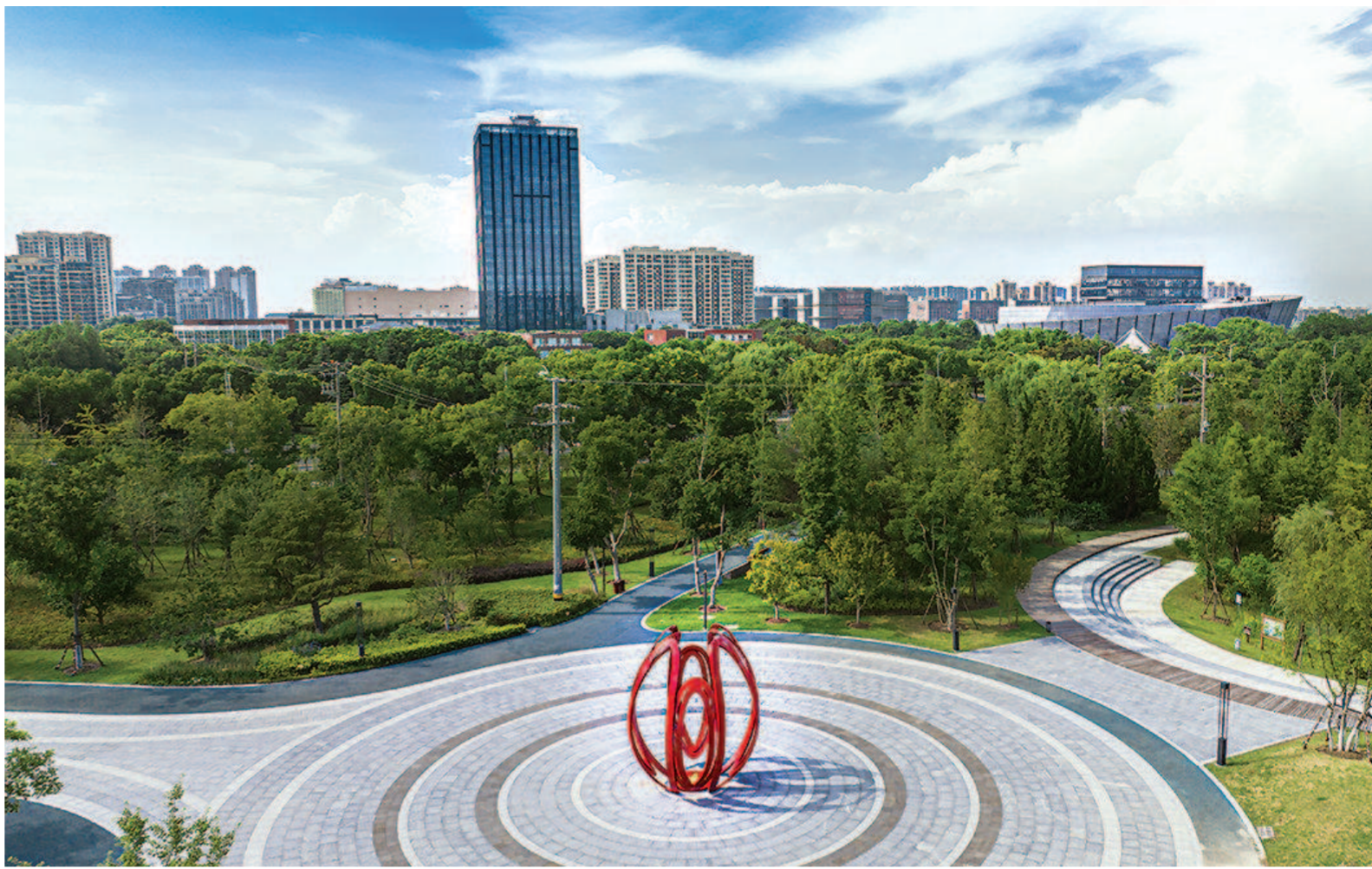
金山双拥公园标志性雕塑“同心圆”。
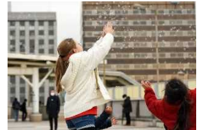
パンダバシピクニック
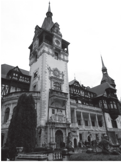
圖十三：帕麗斯城堡。

錫納亞（Sinaia）的帕麗斯城堡（Peleş Castle），是我目前為止參觀過最美的宮殿，我個人覺得勝過法國羅瓦爾河城堡群和凡爾賽，它是歐洲十大皇宮之一，於20世紀初完成，是羅馬尼亞最後一個國王卡洛斯一世親自設計的王宮，為典型的巴洛克建築，城堡三個塔尖直插雲霄；內部
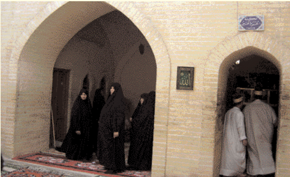
Librairie de Al Hassan et Al Hussein
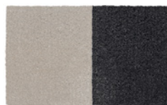
08 DIBBETS FLAG TAPPETO CM 500X300
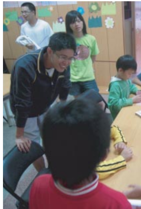
雖然小朋友變少了，但笑聲還是一樣大聲
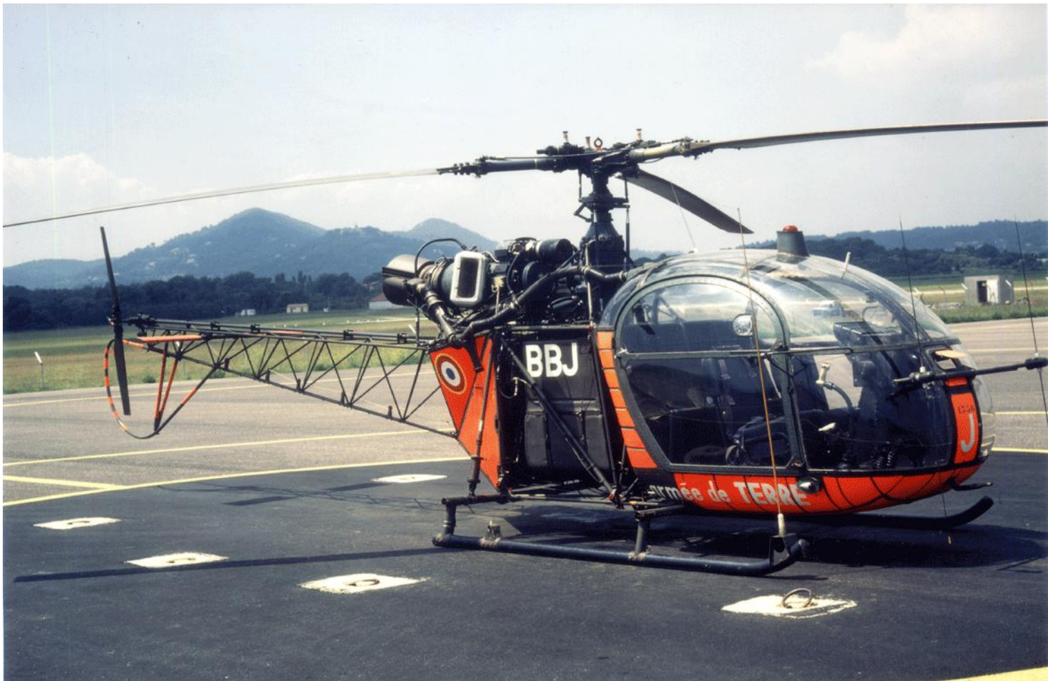
Alouette II n° 1356/BBJ de l'EA.ALAT, au Luc, le 26 mai 1987.
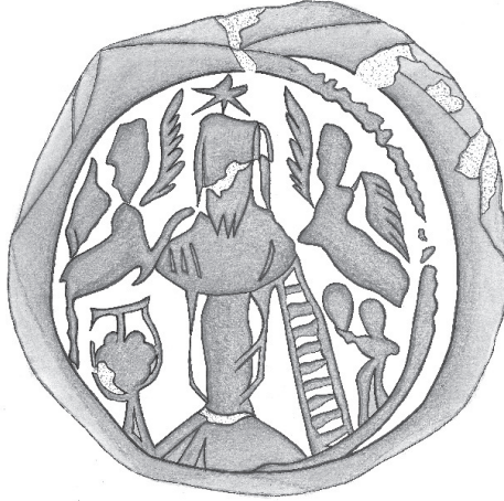
Ş. 2. Hacı Tokeni'nin ön yüz çizimi (Çizim: Z. Çakmakçı)

yaşadığı Mucizeler Dağı'ndan alınan kil ile yapıldıklarını ifade etmektedir 46 . Haluk Perk Müzesi'nde bulunan token de yazıta sahip olmamakla birlikte, bilinen örneklerle yakın benzerliği dolayısıyla Symeon tokenlerinden biri olarak görülmektedir.
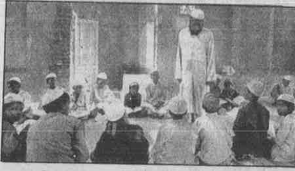
கொல்கத்தா அருகே பாங்களில் முசுலீம் ஏழைக் குழந்தைகளுக்குக் கல்வியளிக்கும் மதராசா.

நாளேடும் தவறான செய்தி வெளியிட்டுள்ளதாக 'மார்க்சிஸ்ட்' முதல்வர் வெட்கமின்றி ஒப்புக் கொள்கிறார்.
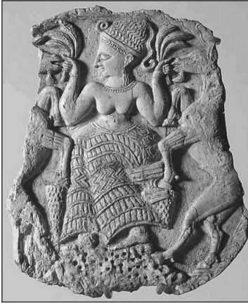
2. kép. Asera (Elefántcsont, i. e. 14. század)
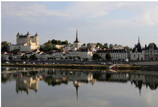
город Сомюр сегодня

15 дней спустя, наша героиня участвует во взятии Сомюра, причем сражается в составе кавалерии, а не пехоты, атакуя в числе двухсот всадников со стороны Сен-Флорена, что заняли мост Фушар, выбив оттуда, превосходящие силы республиканцев.
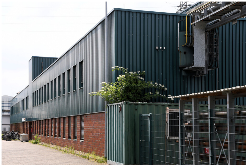
Kraftwerk Goldenberg-Werk: Verwaltung, Ansicht von Nordwesten; Foto: 25.05.2023
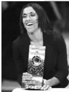
▲世界足球先生卡纳瓦罗。 ▲世界足球小姐玛塔。 ▼齐达内和罗纳尔多窃窃私语。

波塔依然坚持认为“小罗才是世界上最好的球员”,但出现在发布会现场的小罗却对卡纳瓦罗获奖给予了肯定,并表示在即将过去的一年中自己已经尽了力。他说:“卡纳瓦罗是世界上最好的后卫,这一点毋庸置疑。至于我,每年都会竭尽自己所能去帮助我的球队,只有这样才能有机会来到这里(苏黎世)。我已经尽了力,重要的是作为球员我希望能参加所有重要的比赛并希望通过比赛为大家带来快乐。”(新文)
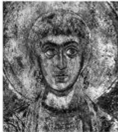
Св. Діва Фреска Софії Князьини

Розкопки руїн почалися ще в 30-х роках XVII століття за ініціативи митрополита Петра Могили. Далі розкопки проводились у 1824 році К. А. Лохвицьким, у 1826 році - Єфимовим, у 1908-14 роках - археологом Д. В. Милеєвим. Під час розкопок було знайдено чимало цінних фрагментів мозаїки підлоги, фрескового і мозаїчного прикрашень храму, кам'яні захоронення, залишки фундаменту тощо.
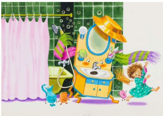
(К.И. Чуковский «Мойдодыр»)

Сел Андрей и поднял ногу, Языком лизнул башмак... Ну, теперь пора в дорогу, Можно сделать первый шаг!
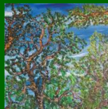
Nº 22 Cielo y copas 50*50 - 110€

F. Gochi , tiene un estilo influido por el expresionismo y el fovismo del XIX. La técnica empleada es óleo sobre lienzo. La exposición está basada en dos temas: “campos de Castilla” y “cielo y copas” Por diferentes motivos ha residido en Salamanca, Zaragoza, Santander, Bilbao, Barcelona y en Oviedo en la actualidad.
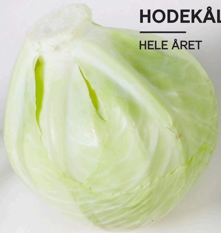
HODEKÅL HELE ÅRET
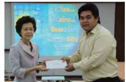
รางวัลชนะเลิศอันดับ ๒
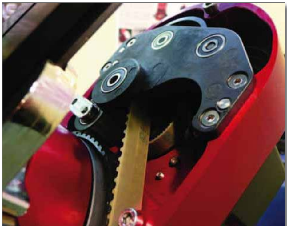
Abb. 7: Zahnriemenantrieb der Avalon-Montierungen [9].

Hobbyastronomen sind heute oftmals nach wie vor der Meinung, dass azimutale Montierungen ausschließlich zur visuellen und parallaktische Montierungen zur fotografischen Nutzung geeignet sind. Wobei die letztere Montierung beide Anwendungsfälle ausfüllt, aber schlechter transportabel bzw. schwerer beherrschbar ist. Diese Regel hat sich aber spätestens seit der Videoastronomie mit Planeten-, Sonne- und Mondfotografie überholt. Zusätzlich kommen immer leistungsfähigere und empfindlichere DSLR-/CCD-Kameras auf den Markt, die bei immer kürzerer
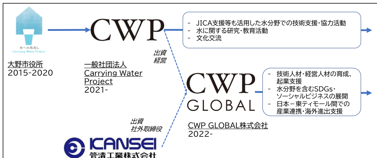
図-3 CWPの活動主体の変遷

地域活性化を目的とした自治体事業は、予算が終了すると継続が困難になる事例が多い。それに対して CWP は、予算が終了し、また市として継続の意向がなかったにも関わらず、有志が自主的に一社 CWP を結成し取組

---

* Your objective:
Search the data for "copas". Copy every matching line.

* Task answer:
Nº 22 Cielo y copas 50*50 - 110€
F. Gochi , tiene un estilo influido por el expresionismo y el fovismo del XIX. La técnica empleada es óleo sobre lienzo. La exposición está basada en dos temas: “campos de Castilla” y “cielo y copas” Por diferentes motivos ha residido en Salamanca, Zaragoza, Santander, Bilbao, Barcelona y en Oviedo en la actualidad.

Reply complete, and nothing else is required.